→ **Given data**:
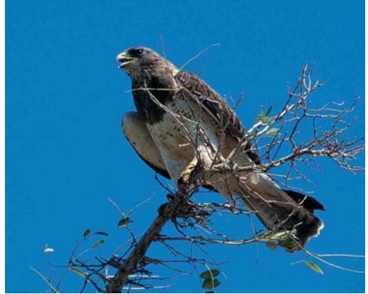
28 Swainson's Hawk / Prairiebuizerd Buteo swainsoni , adult light morph, Antelope Valley, California, USA, 8 August 1998 (Ned Harris). Classic bird with dark head and breast and virtually unmarked belly and underwing-coverts

subterminal band. This adult dark-morph Swainson's Hawk was photographed at Benton Lake National Wildlife Refuge, Montana, USA, in July 1997 by Brian E Small. Another photograph of the same bird in flight appears as plate 27. This bird was identified correctly by 23% of the entrants. The most mentioned incorrect answers were Long-legged Buzzard (33%), Common Buzzard (25%, including Steppe Buzzard) and Booted Eagle (8%).
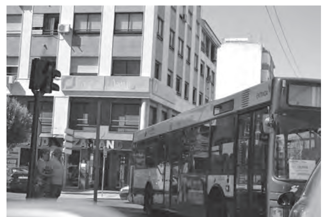
Autobús interurbano circulando en el barrio La Frontera

Por último, el concejal de Tráfico y Gobernación ha recordado que cuando SUBUS asumió la prestación de este servicio de autobuses interurbano modificó el itinerario de esa línea con el fin de ofrecer una presta-
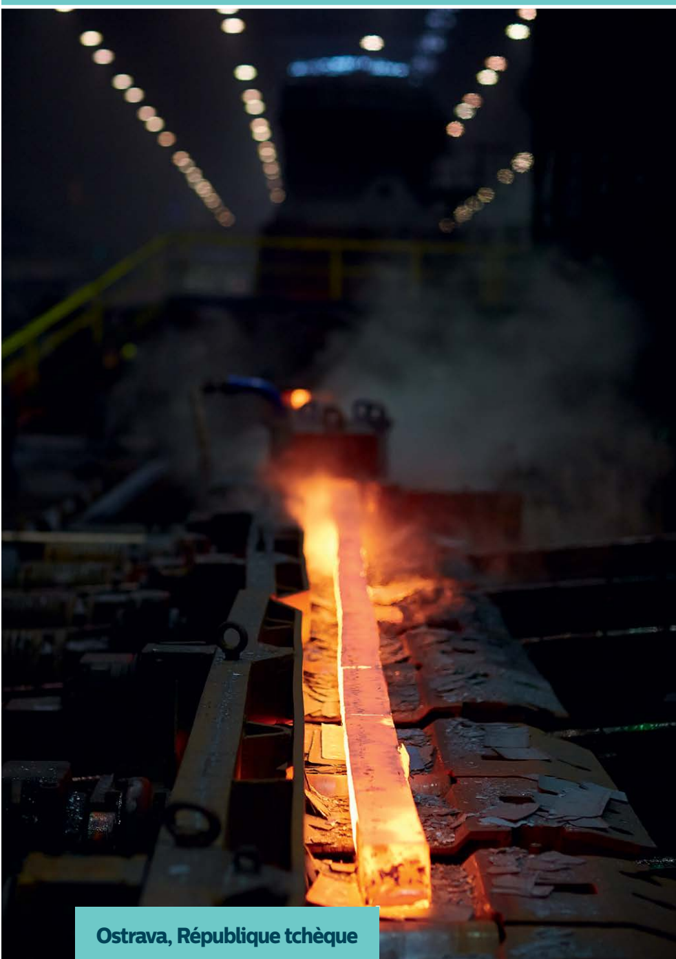
Ostrava, République tchèque

Philips Lighting Capital se félicite d'être arrivée à un accord qui a permis à ArcelorMittal de procéder à une modernisation plus que nécessaire de l'éclairage avec une période d'amortissement attractive et un plan d'éclairage durable.
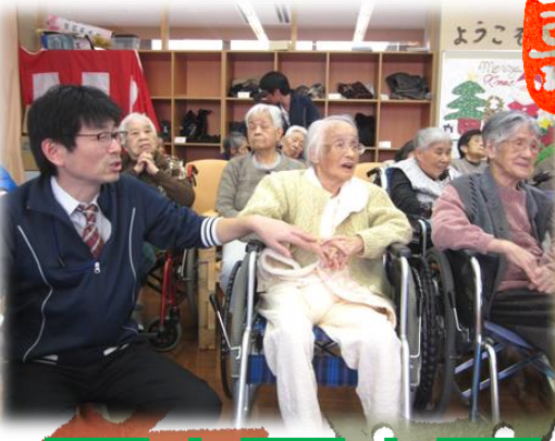
▼クリスマス会の合間にちょっと一息
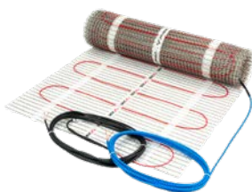
Mata grzejna DEVIheat™ 150S
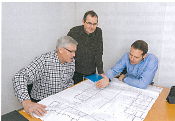
Für ihren Strategieprozess nutzt die SILU (oben: Baukommission, rechts: Finanzkommission) die BSC als Managementinformations- und Führungsinstrument.

Wirklich gewinnbringend ist seiner Meinung nach die BSC für eine Baugenossenschaft dann, wenn sie sie konsequent als Managementins-
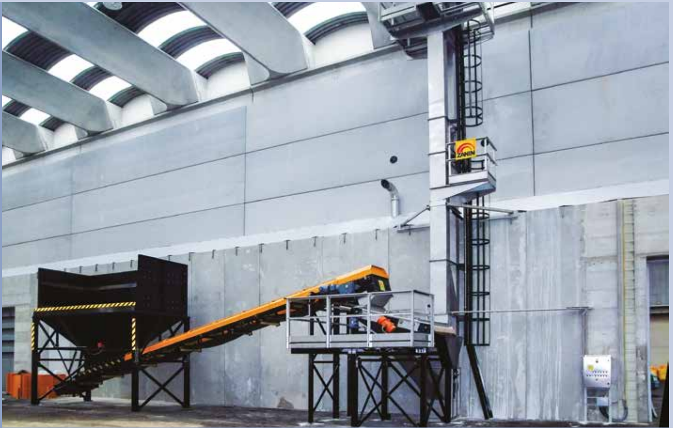
■ Linea insacco fertilizzanti
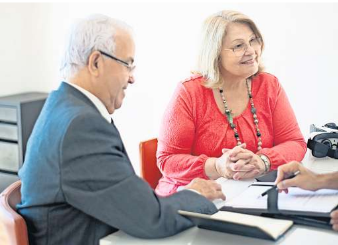
Immobilienverkäufe auf Rentenbasis sind für einige Senioren sehr lukrativ.
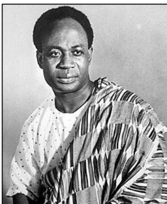
Fig.4- Kwame Nkrumah

Silvestre williamn encontra-se com Antenor Firmont. Em vez de discutir o problema da África, vão discutir os problemas da raça. Era o primeiro congresso pan-africano.

→ **Description of the task**: What is needed is an exact copy of the records above, with no pictures in it.

→ **Output for this task**:
28 Swainson's Hawk / Prairiebuizerd Buteo swainsoni , adult light morph, Antelope Valley, California, USA, 8 August 1998 (Ned Harris). Classic bird with dark head and breast and virtually unmarked belly and underwing-coverts

subterminal band. This adult dark-morph Swainson's Hawk was photographed at Benton Lake National Wildlife Refuge, Montana, USA, in July 1997 by Brian E Small. Another photograph of the same bird in flight appears as plate 27. This bird was identified correctly by 23% of the entrants. The most mentioned incorrect answers were Long-legged Buzzard (33%), Common Buzzard (25%, including Steppe Buzzard) and Booted Eagle (8%).
Autobús interurbano circulando en el barrio La Frontera

Por último, el concejal de Tráfico y Gobernación ha recordado que cuando SUBUS asumió la prestación de este servicio de autobuses interurbano modificó el itinerario de esa línea con el fin de ofrecer una presta-
Ostrava, République tchèque

Philips Lighting Capital se félicite d'être arrivée à un accord qui a permis à ArcelorMittal de procéder à une modernisation plus que nécessaire de l'éclairage avec une période d'amortissement attractive et un plan d'éclairage durable.
▼クリスマス会の合間にちょっと一息
Mata grzejna DEVIheat™ 150S
Für ihren Strategieprozess nutzt die SILU (oben: Baukommission, rechts: Finanzkommission) die BSC als Managementinformations- und Führungsinstrument.

Wirklich gewinnbringend ist seiner Meinung nach die BSC für eine Baugenossenschaft dann, wenn sie sie konsequent als Managementins-
■ Linea insacco fertilizzanti
Immobilienverkäufe auf Rentenbasis sind für einige Senioren sehr lukrativ.
Fig.4- Kwame Nkrumah

Silvestre williamn encontra-se com Antenor Firmont. Em vez de discutir o problema da África, vão discutir os problemas da raça. Era o primeiro congresso pan-africano.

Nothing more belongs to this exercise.